Yes, that's correct! When differentiating with respect to multiple variables, we can use the partial derivative notation to indicate which variable we are differentiating with respect to. In this case, we have p = -7xy³ and we want to find dp.

Using the partial derivative notation, we have:
dp = (∂p/∂x) dx + (∂p/∂y) dy

Taking the partial derivatives, we find:
∂p/∂x = -7y³ (since ∂x/∂x = 1 and ∂y/∂x = 0)
∂p/∂y = -21xy² (since ∂x/∂y = 0 and ∂y/∂y = 1)

Substituting these results into the previous equation, we obtain:
dp = (-7y³) dx + (-21xy²) dy

So, dp = (-7y³) dx + (-21xy²) dy.

Answer 4

Step-by-Step Bot answered
1 year ago

To differentiate -7xy³, we will apply the power rule for differentiation. The power rule states that if we have a function of the form f(x) = ax^n, where "a" is a constant and "n" is a real number, the derivative of f(x) is given by:

f'(x) = nax^(n-1).

Applying this rule to -7xy³, we have:

(-7xy³)' = -7(3)(x)^(3-1)(y³)'.

Simplifying further:

(-7xy³)' = -21x²(y³)'.

Since the derivative of y³ with respect to x is zero (because y³ does not contain x), we have:

(-7xy³)' = -21x²(0).

Simplifying this expression, we get:

(-7xy³)' = 0.

Therefore, the derivative of -7xy³ with respect to x is zero.

Answer 5

Explain Bot answered
11 months ago

To differentiate the algebraic expression -7xy³, we need to apply the power rule of differentiation. The power rule states that when differentiating a term, we multiply the term by its exponent and then decrease the exponent by 1.
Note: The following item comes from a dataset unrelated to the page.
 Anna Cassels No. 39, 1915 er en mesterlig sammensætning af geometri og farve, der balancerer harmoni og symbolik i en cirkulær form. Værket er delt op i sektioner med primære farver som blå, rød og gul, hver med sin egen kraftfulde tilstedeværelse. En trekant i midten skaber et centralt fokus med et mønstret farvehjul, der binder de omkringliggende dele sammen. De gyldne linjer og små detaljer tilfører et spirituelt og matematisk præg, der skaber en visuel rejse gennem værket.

Let's break down the given expression step by step:

1. Start with the constant term (-7): Since it does not contain any variables, the derivative of -7 is 0.

2. Differentiate the term "x": The coefficient of "x" is 1 (since it is not explicitly written), and the exponent is 1. Applying the power rule, we multiply 1 by 1 and decrease the exponent by 1 to get 1x¹. Therefore, the derivative of x is simply 1.
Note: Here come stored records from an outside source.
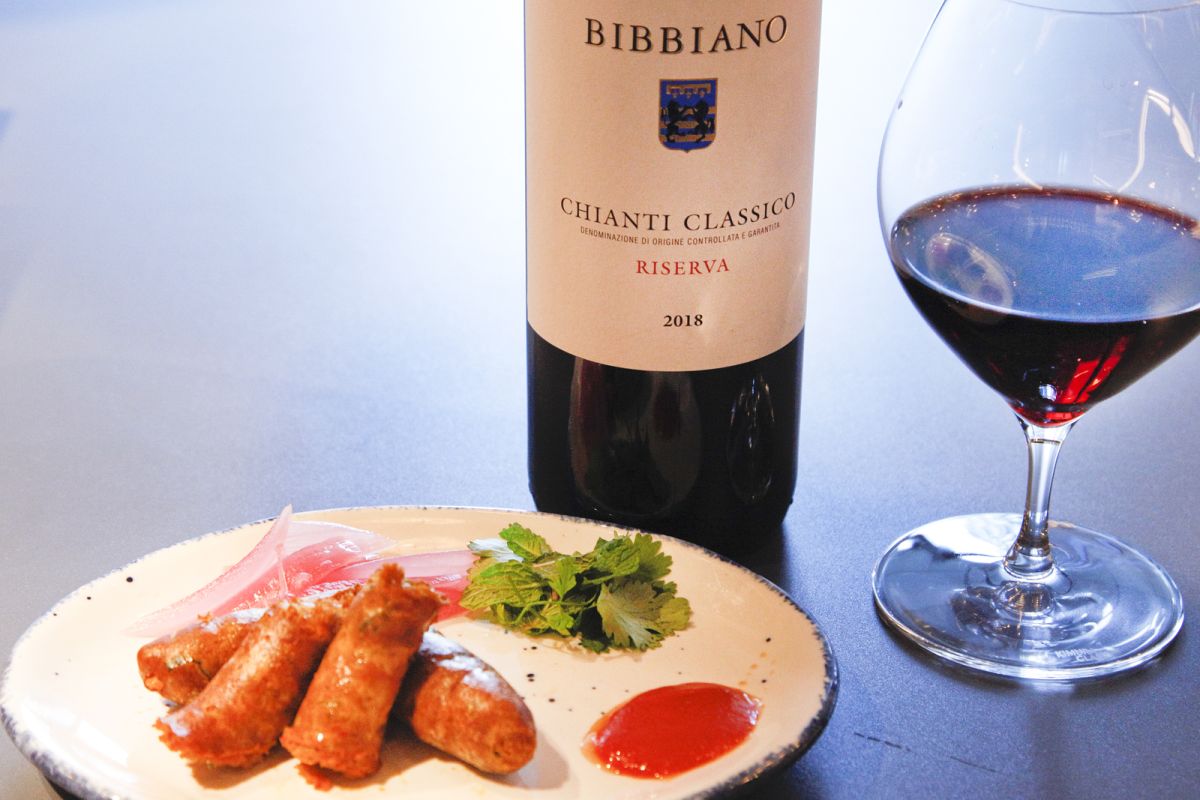 約20種もの香辛料が使われているというスパイシーな「ベトナムソーセージ」880円と今回合わせたワインは、イタリア産赤ワイン「ビッビアーノ キャンティ・クラシコ・リゼルヴァ」グラス1200円/ボトル6600円。ややコクと厚みのある赤ワインが、パンチのあるソーセージの旨味を引き立てます。
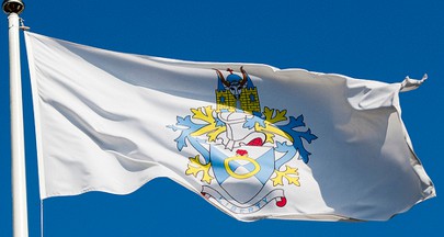 I saw a white flag with a coat of arms flying from the Hackney Town Hall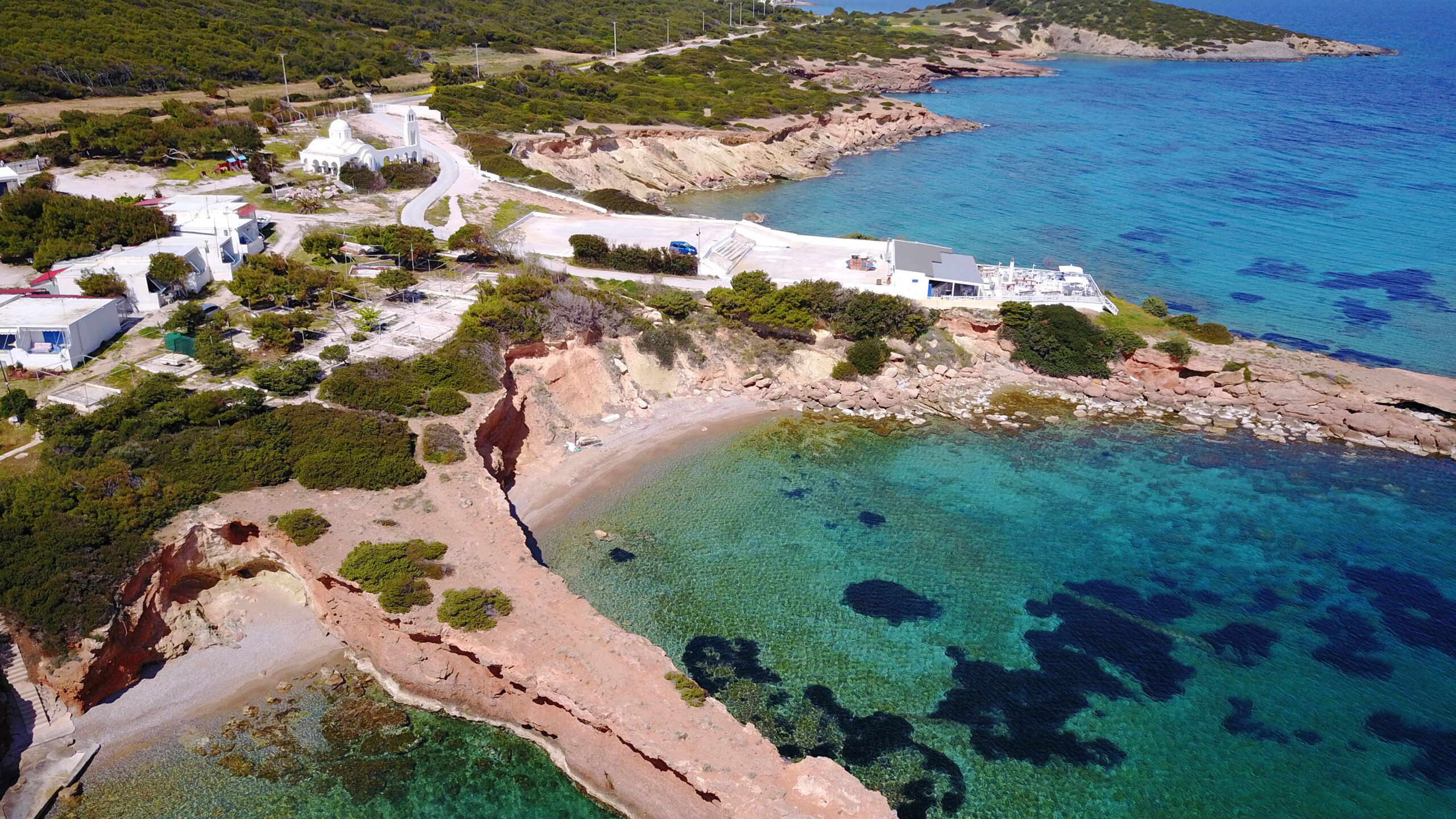 The seaside settlement of Chamolia, near Vravrona, is 45 kilometers and about a 50 minutes drive from the center of Athens using the Attiki Odos. If you want to avoid paying tolls, the distance is actually a little shorter but the roads are slower. Whichever way you take, on reaching the village and after passing the main beach, head to the right. After 500 meters you will find a small dirt road that leads to the lovely Mikri Chamolia. The aquamarine waters of the sea, the natural background, and the zigzags of the coastline are more suggestive of an exotic island than the humble Attican coast.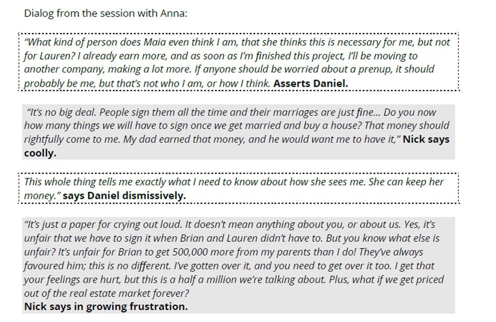 The case study alive through the inclusion of direct quotes from a (fictional) conversation between Anna, the financial therapist in the case, and Nick and Daniel. I find students are never happy with case studies – it always feels like there is either too much or too little information. Including these conversation snippets can help a lot, as it mirrors real life, where the advice giver must interpret what’s been said and turn that into something useful.

3. Differentiate the term "y³": Similar to the previous step, we multiply the coefficient 1 (since it is not explicitly written) by the exponent 3 to get 1y³. We then decrease the exponent by 1 to get y². Thus, the derivative of y³ is 3y².

Putting it all together, the derivative of -7xy³ is:

0 (constant term) + 1x¹ (differentiated x) + 3y² (differentiated y³)

Therefore, the final result is 1x + 3y², or simply x + 3y².